Miguel Rodrigo (born 15 July 1970) is a Spanish Futsal coach. Miguel Rodrigo had successful spell between 2009 and 2016 with Japan which won two titles of AFC Futsal Championship under his guidance. Due to his depth of tactics and formations, he was dubbed by the Japanese media and fans as The Magician (Japanese : 魔法使 – Mahōtsukai).

Career

Japan
In June 2009, Japan Football Association (JFA) has appointed Miguel Rodrigo as the national Futsal trainer with one-year contract. In 2010, Rodrigo guided Japan to the semi-finals of 2010 AFC Futsal Championship. Japan lost to Iran in the semi but secured the third-place after the win over China in the third-place playoff match. He got the two-years contract extension from JFA after the tournament.

In 2012 AFC Futsal Championship at United Arab Emirates, Miguel Rodrigo led Japan to their second title of Asian Championship after the win 6–1 over Thailand in the final.

In 2012 FIFA Futsal World Cup at Thailand, Japan was in Group C along with Brazil, Portugal and Libya in the group stage. Rodrigo guided Japan to the next round by finishing third-place in the group with 4 points. Japan later lost 3–6 to Ukraine in Round of 16. His most notable moment in the tournament was in the group stage when Rodrigo led Japan to draw 5 – 5 against Portugal after being downed 2 – 5 in the first half. In February 2013, he got contract extension to 2016.

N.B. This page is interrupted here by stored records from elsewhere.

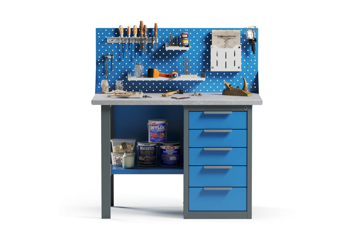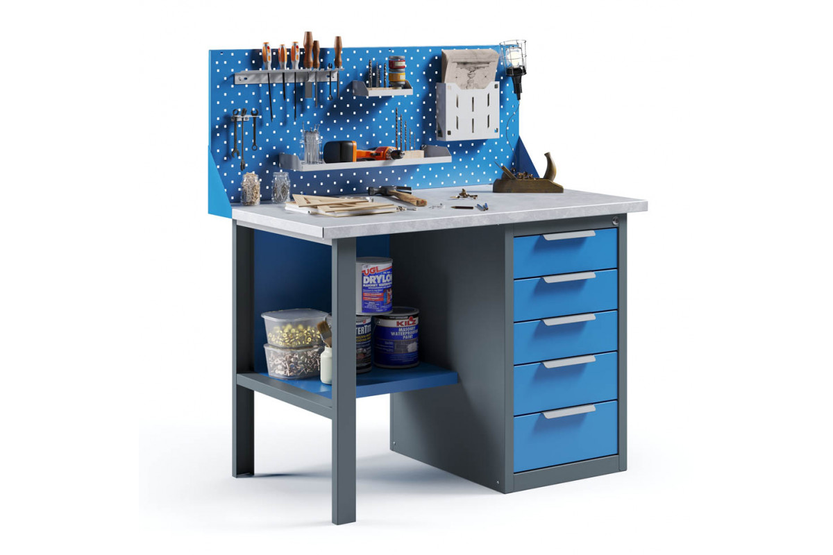- Верстак укомплектован драйвером с пятью выдвижными ящиками разными по высоте и тумбой с полками.
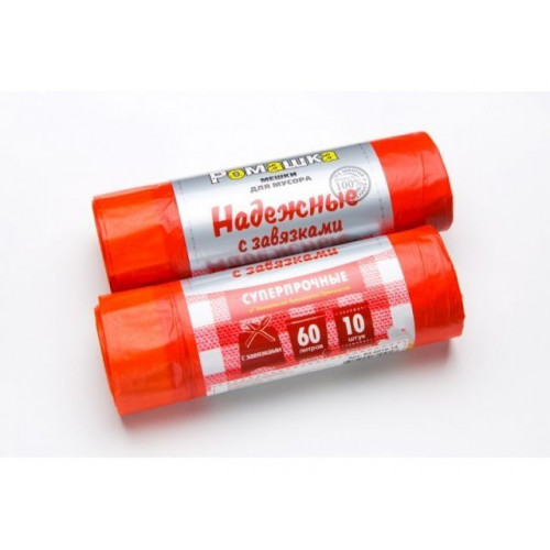 Мешки для мусора с завязками, 60 л, 10 шт, "НАДЕЖНЫЕ", красные, РОМАШКА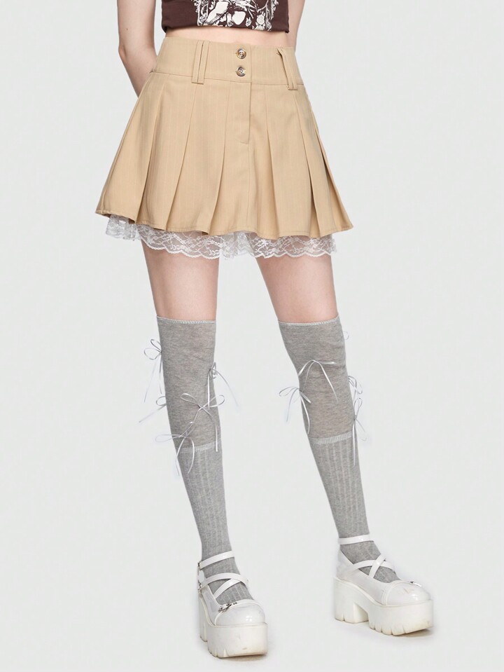 تنورة ذو تجاعيد دانتيل متباين اللون

In 2014 AFC Futsal Championship at Vietnam, Rodrigo guided Japan to their third and two-in-a-row Asian championship title after won the penalty shoot-out over Iran after 2–2 draw in time.

In 2016 AFC Futsal Championship at Uzbekistan, Rodrigo failed to lead Japan to 2016 FIFA Futsal World Cup after the defeat by penalty shoot-out to Vietnam in the Quarterfinals and the loss to Kyrgyzstan in 5th – 8th place play-off match. Miguel Rodrigo has stepped down from his position after the tournament.

Thailand
On 1 July 2016, Football Association of Thailand announced the appointment of Miguel Rodrigo as the national trainer of Thailand with a-year-long-contract. His official managerial debut for Thailand was on 20 August 2016, the game of 2016 Thailand Five's against his former side Japan which ended as 2–2 draw. He managed to win 7–5 over Asian champion Iran and draw 3–3 against third-place from UEFA Futsal Euro 2016, Kazakhstan in other two matches of the tournament.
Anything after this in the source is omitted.